Records from a data source
↓
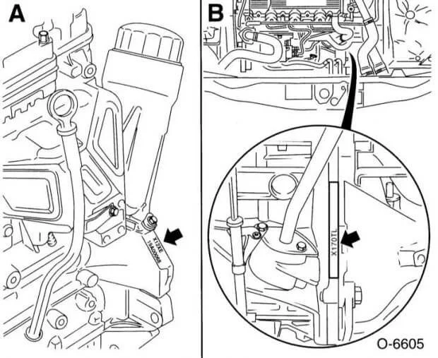 обозначение и номер двигателя на бензиновых моделях выбивается на левой стороне, а дизельном двигателе на правой стороне агрегата. А-бензин, В-дизель.
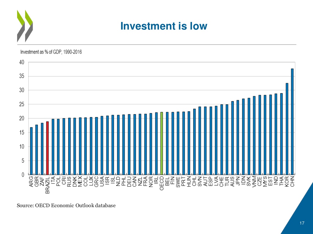However, Brazil is only now limping out of the severe 2014-16 recession, which followed in the wake of the GFC. And, the nation remains amongst the most inequitable in the world (Chart above). The World Economic Forum (WEF) annually compares the competitiveness of nations. In 2018, Brazil ranked 80th (out of 137 countries), down from 48th as recently as 2013. Brazilian voters are sceptical that their political leaders have the answers. Indeed, in the 2018 WEF report Brazil ranks dead last for trust in politicians, diverting public funds, and efficiency of public spending. Last, think about that! With the help of an outstanding Survey by the OECD (which I strongly recommend reading), I will highlight a few key, post-election priority areas, and I will assess the chances of Brazil’s successful return to inclusive economic growth. Emerging market investors are expecting immediate action. The next few months may prove decisive, so buckle up!
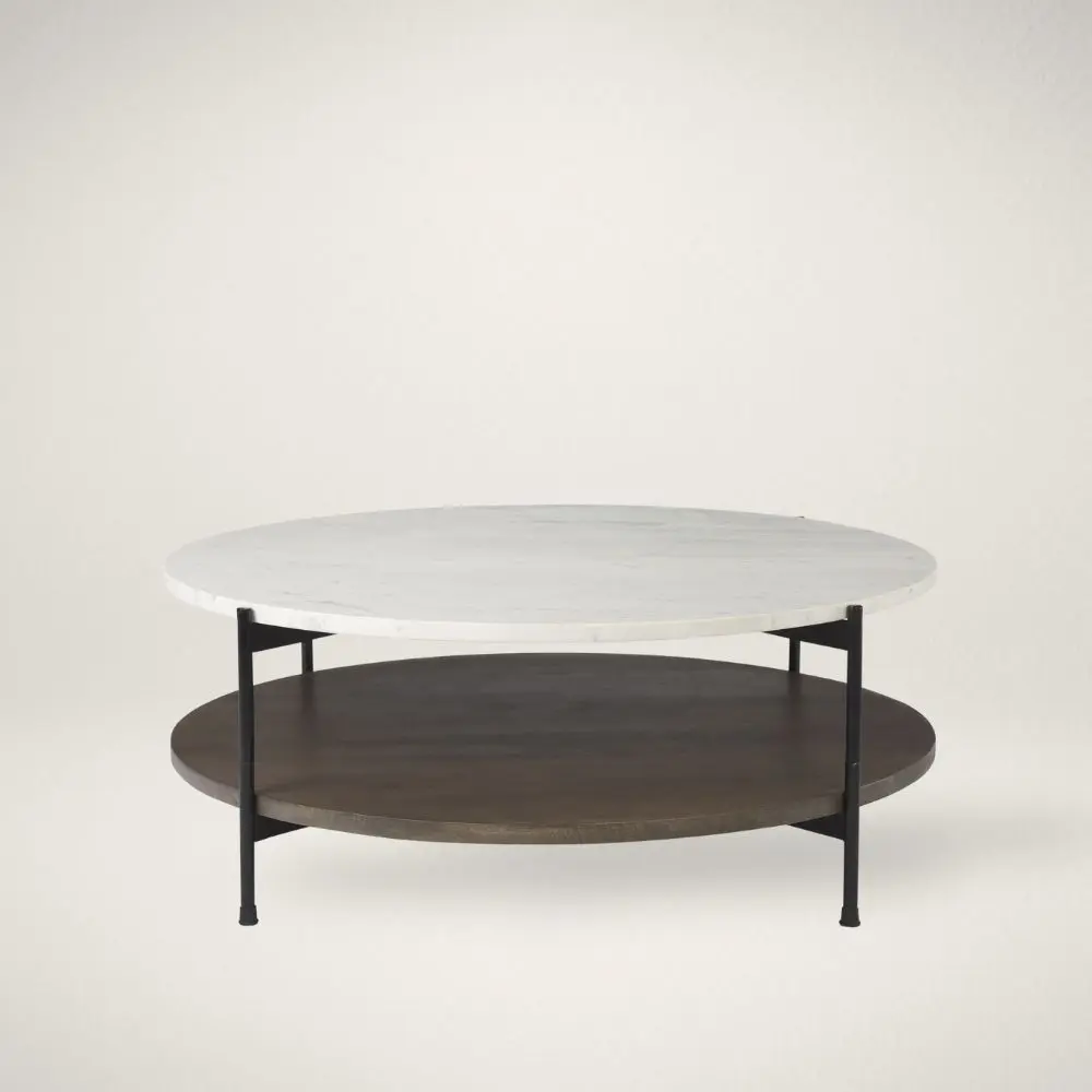 - Trifecta! Marble, Wood and Metal: This 2-tier coffee table comprises two round surfaces, a beautiful marble top and lower solid mango wood bottom shelf, supported by a sturdy black iron frame.
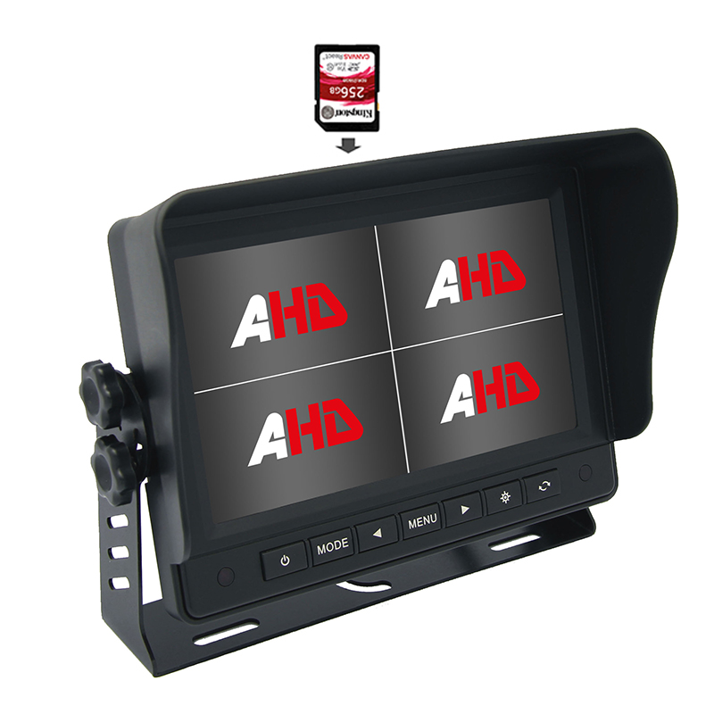 Monitores Quad AHD: Nossos monitores Quad AHD levam a segurança do veículo para o próximo nível. Capazes de exibir e gravar quatro feeds de vídeo simultaneamente, esses sistemas oferecem uma visão surround completa. Com modos de exibição multicanais e arquivamento independente de arquivos, os motoristas podem monitorar a parte traseira/dianteira/lateral de seu veículo com facilidade.
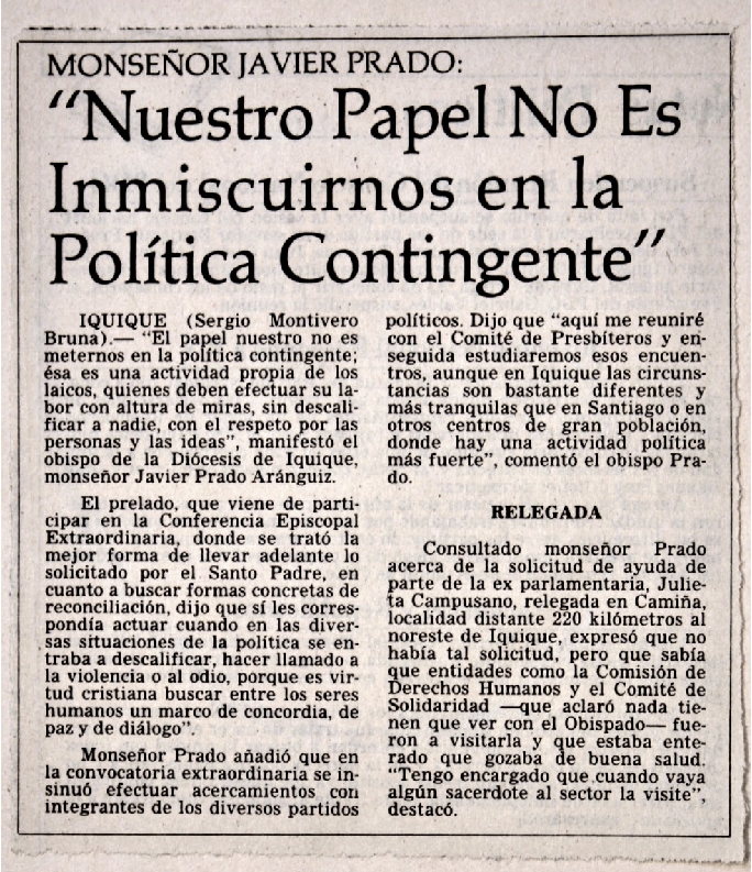 "Nuestro papel no es inmiscuirnos en la política contingente"
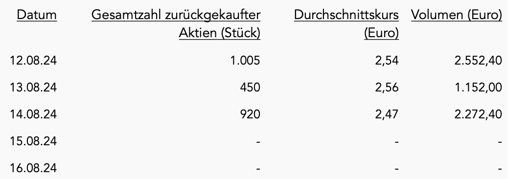 Im Zeitraum vom 12. August 2024 bis einschließlich 16 August 2024 wurden 2.375 Aktien im Rahmen des Aktienrückkaufs erworben. Der Beginn des Aktienrückkaufs wurde mit Bekanntmachung vom 17. Juli 2024 gemäß Artikel 5 der Verordnung (EU) Nr. 596/2014 und gemäß Art. 2 Abs. 1 der delegierten Verordnung (EU)2016/1052 mitgeteilt.
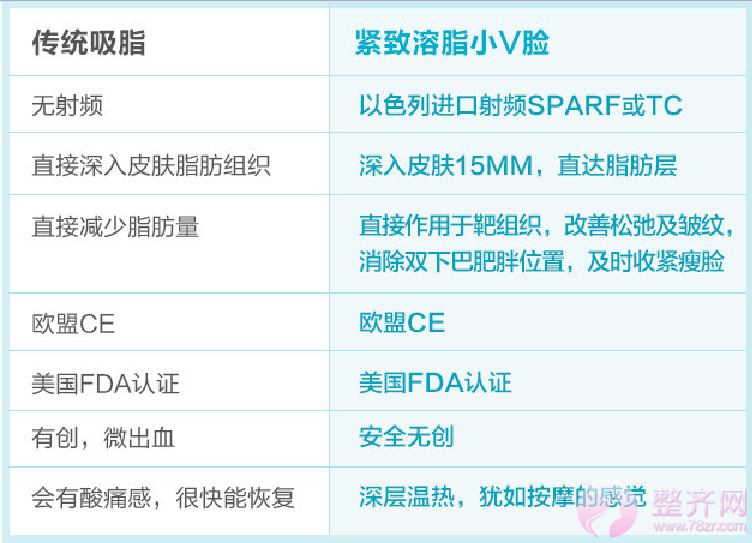紧致溶脂小V脸与其他塑身项目比较
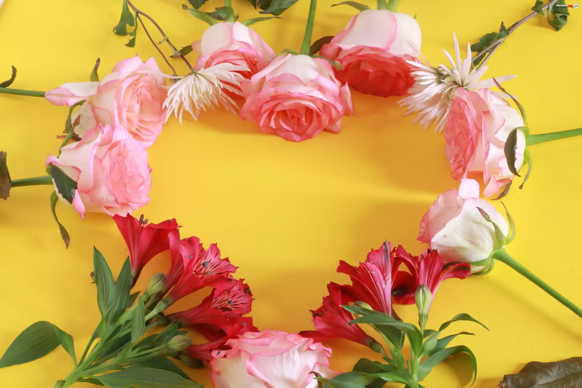 Kwiaty, Róże, Alstremeria, Serce, Żółte tło - Zdjęcia
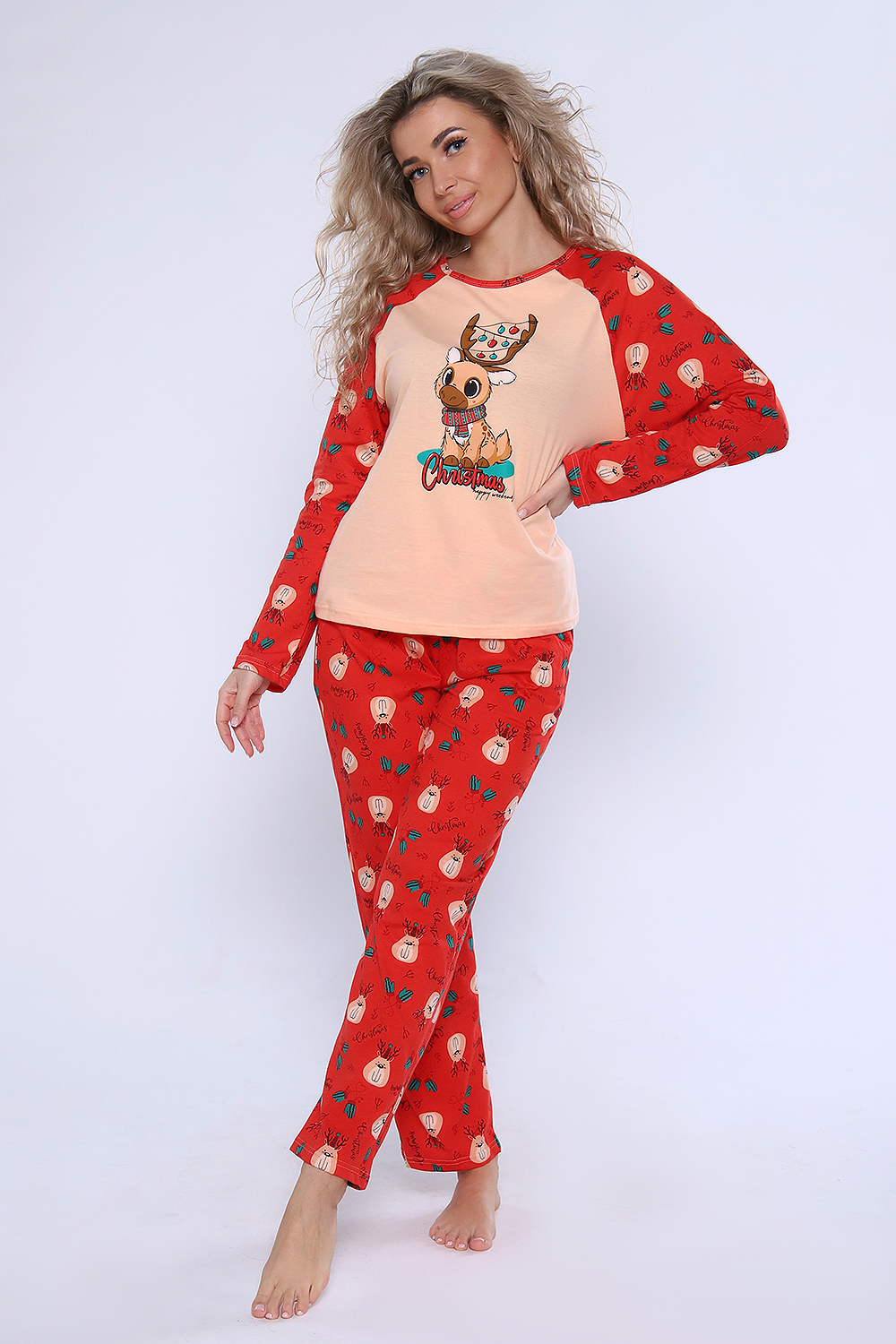 Костюм домашний состоит из кофты с длинным рукавом и брюк. Брюки с карманами. Кофта с рукавами - реглан и принтом. Удобный и практичный вариант для дома и сна.
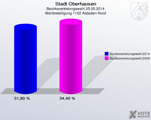 Stadt Oberhausen, Bezirksvertretungswahl 25.05.2014, Wahlbeteiligung 1102 Alstaden-Nord: Bezirksvertretungswahl 2014: 31,80 %. Bezirksvertretungswahl 2009: 34,40 %. http://www.votemanager.de
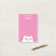 Simple, cute, cartoon white cat pink post-it-notes with custom name.
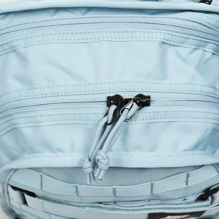 Nike SB backpack , model called RPM has a padded back, a padded laptop pocket, internal pockets for small items. On each side there is a smaller zippered pocket for various small items and a pocket for a bottle. On the front and bottom there are adjustable straps for attaching a skate board. On the top strap there is a white Nike logo. Volume 26 liters. Made of waterproof material.
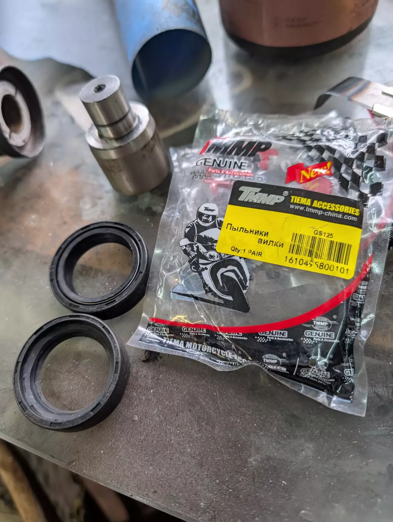 Сальники вилки якогось китайського мопеда в шкворня
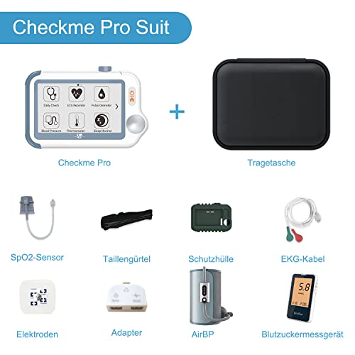 Riceverai: Checkme Pro Suit Monitor, cavo ed elettrodi ECG, sensore SpO2, fascia da polso, cavo di ricarica, copertura protettiva in silicone, cordino, accessorio per la pressione sanguigna, kit per la misurazione della glicemia (strisce reattive, pungidito, lancetta sterile inclusi), manuale utente, una custodia da trasporto. 12 mesi di garanzia e
↑
Exercise requirements
Give the data above back unchanged, except for the pictures.

Solution for this exercise
 обозначение и номер двигателя на бензиновых моделях выбивается на левой стороне, а дизельном двигателе на правой стороне агрегата. А-бензин, В-дизель.
However, Brazil is only now limping out of the severe 2014-16 recession, which followed in the wake of the GFC. And, the nation remains amongst the most inequitable in the world (Chart above). The World Economic Forum (WEF) annually compares the competitiveness of nations. In 2018, Brazil ranked 80th (out of 137 countries), down from 48th as recently as 2013. Brazilian voters are sceptical that their political leaders have the answers. Indeed, in the 2018 WEF report Brazil ranks dead last for trust in politicians, diverting public funds, and efficiency of public spending. Last, think about that! With the help of an outstanding Survey by the OECD (which I strongly recommend reading), I will highlight a few key, post-election priority areas, and I will assess the chances of Brazil’s successful return to inclusive economic growth. Emerging market investors are expecting immediate action. The next few months may prove decisive, so buckle up!
 - Trifecta! Marble, Wood and Metal: This 2-tier coffee table comprises two round surfaces, a beautiful marble top and lower solid mango wood bottom shelf, supported by a sturdy black iron frame.
 Monitores Quad AHD: Nossos monitores Quad AHD levam a segurança do veículo para o próximo nível. Capazes de exibir e gravar quatro feeds de vídeo simultaneamente, esses sistemas oferecem uma visão surround completa. Com modos de exibição multicanais e arquivamento independente de arquivos, os motoristas podem monitorar a parte traseira/dianteira/lateral de seu veículo com facilidade.
 "Nuestro papel no es inmiscuirnos en la política contingente"
 Im Zeitraum vom 12. August 2024 bis einschließlich 16 August 2024 wurden 2.375 Aktien im Rahmen des Aktienrückkaufs erworben. Der Beginn des Aktienrückkaufs wurde mit Bekanntmachung vom 17. Juli 2024 gemäß Artikel 5 der Verordnung (EU) Nr. 596/2014 und gemäß Art. 2 Abs. 1 der delegierten Verordnung (EU)2016/1052 mitgeteilt.
紧致溶脂小V脸与其他塑身项目比较
 Kwiaty, Róże, Alstremeria, Serce, Żółte tło - Zdjęcia
 Костюм домашний состоит из кофты с длинным рукавом и брюк. Брюки с карманами. Кофта с рукавами - реглан и принтом. Удобный и практичный вариант для дома и сна.
 Stadt Oberhausen, Bezirksvertretungswahl 25.05.2014, Wahlbeteiligung 1102 Alstaden-Nord: Bezirksvertretungswahl 2014: 31,80 %. Bezirksvertretungswahl 2009: 34,40 %. http://www.votemanager.de
 Simple, cute, cartoon white cat pink post-it-notes with custom name.
 Nike SB backpack , model called RPM has a padded back, a padded laptop pocket, internal pockets for small items. On each side there is a smaller zippered pocket for various small items and a pocket for a bottle. On the front and bottom there are adjustable straps for attaching a skate board. On the top strap there is a white Nike logo. Volume 26 liters. Made of waterproof material.
 Сальники вилки якогось китайського мопеда в шкворня
 Riceverai: Checkme Pro Suit Monitor, cavo ed elettrodi ECG, sensore SpO2, fascia da polso, cavo di ricarica, copertura protettiva in silicone, cordino, accessorio per la pressione sanguigna, kit per la misurazione della glicemia (strisce reattive, pungidito, lancetta sterile inclusi), manuale utente, una custodia da trasporto. 12 mesi di garanzia e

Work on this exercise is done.